TASK STATEMENT - Every entry in the following listing must be restated word for word, though not its pictures.

EXERCISE DATA -
◆ ◆ ◆ ◆ ◆ ◆ ◆
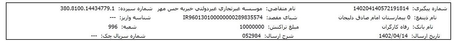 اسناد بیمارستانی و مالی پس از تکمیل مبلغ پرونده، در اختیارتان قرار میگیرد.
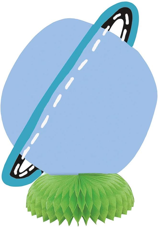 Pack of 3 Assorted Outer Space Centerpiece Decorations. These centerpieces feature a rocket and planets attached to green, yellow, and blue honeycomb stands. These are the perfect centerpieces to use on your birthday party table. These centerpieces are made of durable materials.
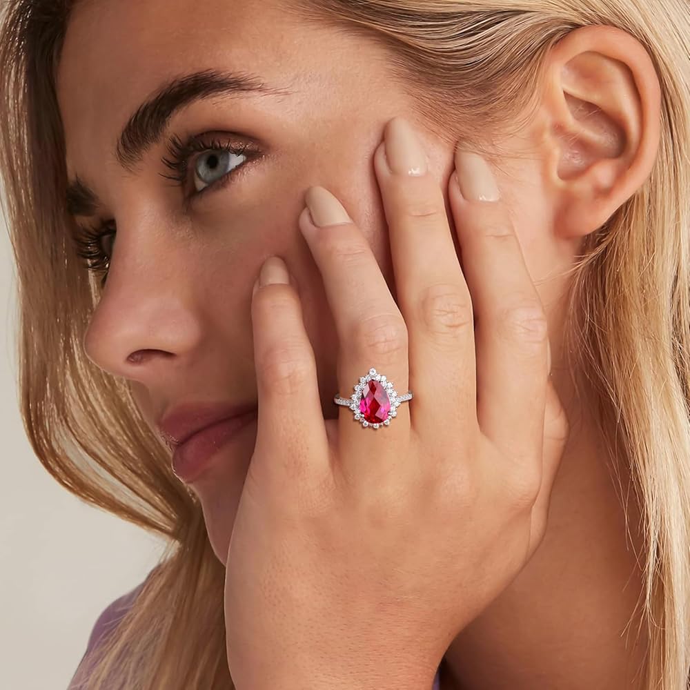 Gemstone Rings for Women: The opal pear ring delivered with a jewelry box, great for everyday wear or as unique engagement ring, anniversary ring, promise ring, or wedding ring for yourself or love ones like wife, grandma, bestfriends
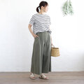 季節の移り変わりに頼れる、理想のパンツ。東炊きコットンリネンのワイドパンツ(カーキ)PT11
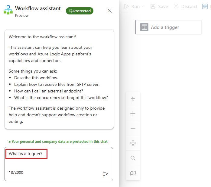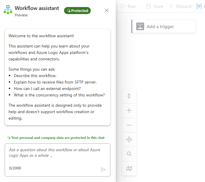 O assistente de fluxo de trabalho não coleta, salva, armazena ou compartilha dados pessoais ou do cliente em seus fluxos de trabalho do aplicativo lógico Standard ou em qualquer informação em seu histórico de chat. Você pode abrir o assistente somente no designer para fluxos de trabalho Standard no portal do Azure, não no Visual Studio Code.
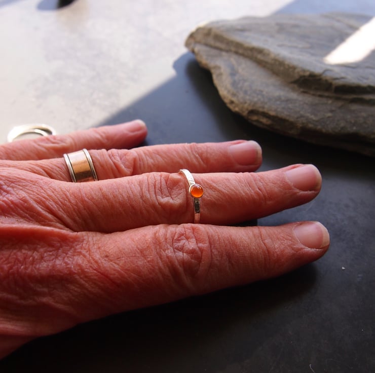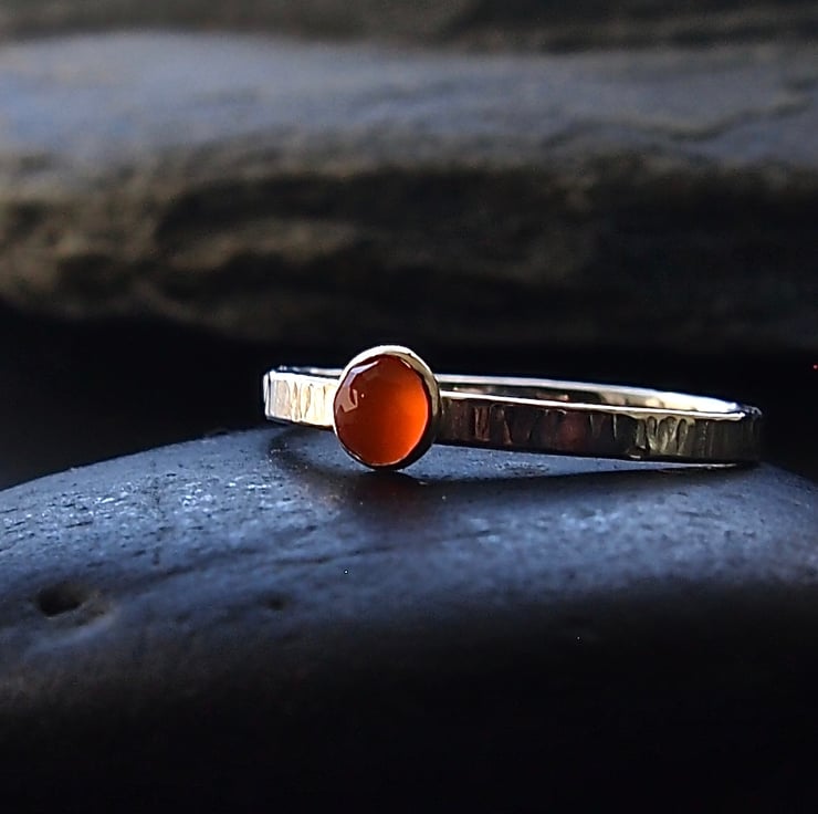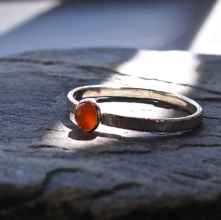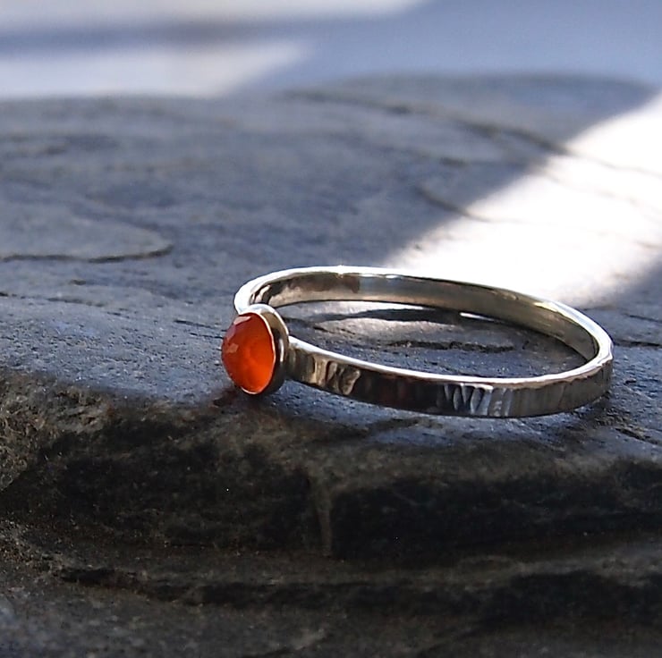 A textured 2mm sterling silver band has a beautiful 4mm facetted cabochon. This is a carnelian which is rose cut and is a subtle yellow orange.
◆ ◆ ◆ ◆ ◆ ◆ ◆
YOUR RESPONSE -
 اسناد بیمارستانی و مالی پس از تکمیل مبلغ پرونده، در اختیارتان قرار میگیرد.
 Pack of 3 Assorted Outer Space Centerpiece Decorations. These centerpieces feature a rocket and planets attached to green, yellow, and blue honeycomb stands. These are the perfect centerpieces to use on your birthday party table. These centerpieces are made of durable materials.
 Gemstone Rings for Women: The opal pear ring delivered with a jewelry box, great for everyday wear or as unique engagement ring, anniversary ring, promise ring, or wedding ring for yourself or love ones like wife, grandma, bestfriends
 季節の移り変わりに頼れる、理想のパンツ。東炊きコットンリネンのワイドパンツ(カーキ)PT11
 O assistente de fluxo de trabalho não coleta, salva, armazena ou compartilha dados pessoais ou do cliente em seus fluxos de trabalho do aplicativo lógico Standard ou em qualquer informação em seu histórico de chat. Você pode abrir o assistente somente no designer para fluxos de trabalho Standard no portal do Azure, não no Visual Studio Code.
 A textured 2mm sterling silver band has a beautiful 4mm facetted cabochon. This is a carnelian which is rose cut and is a subtle yellow orange.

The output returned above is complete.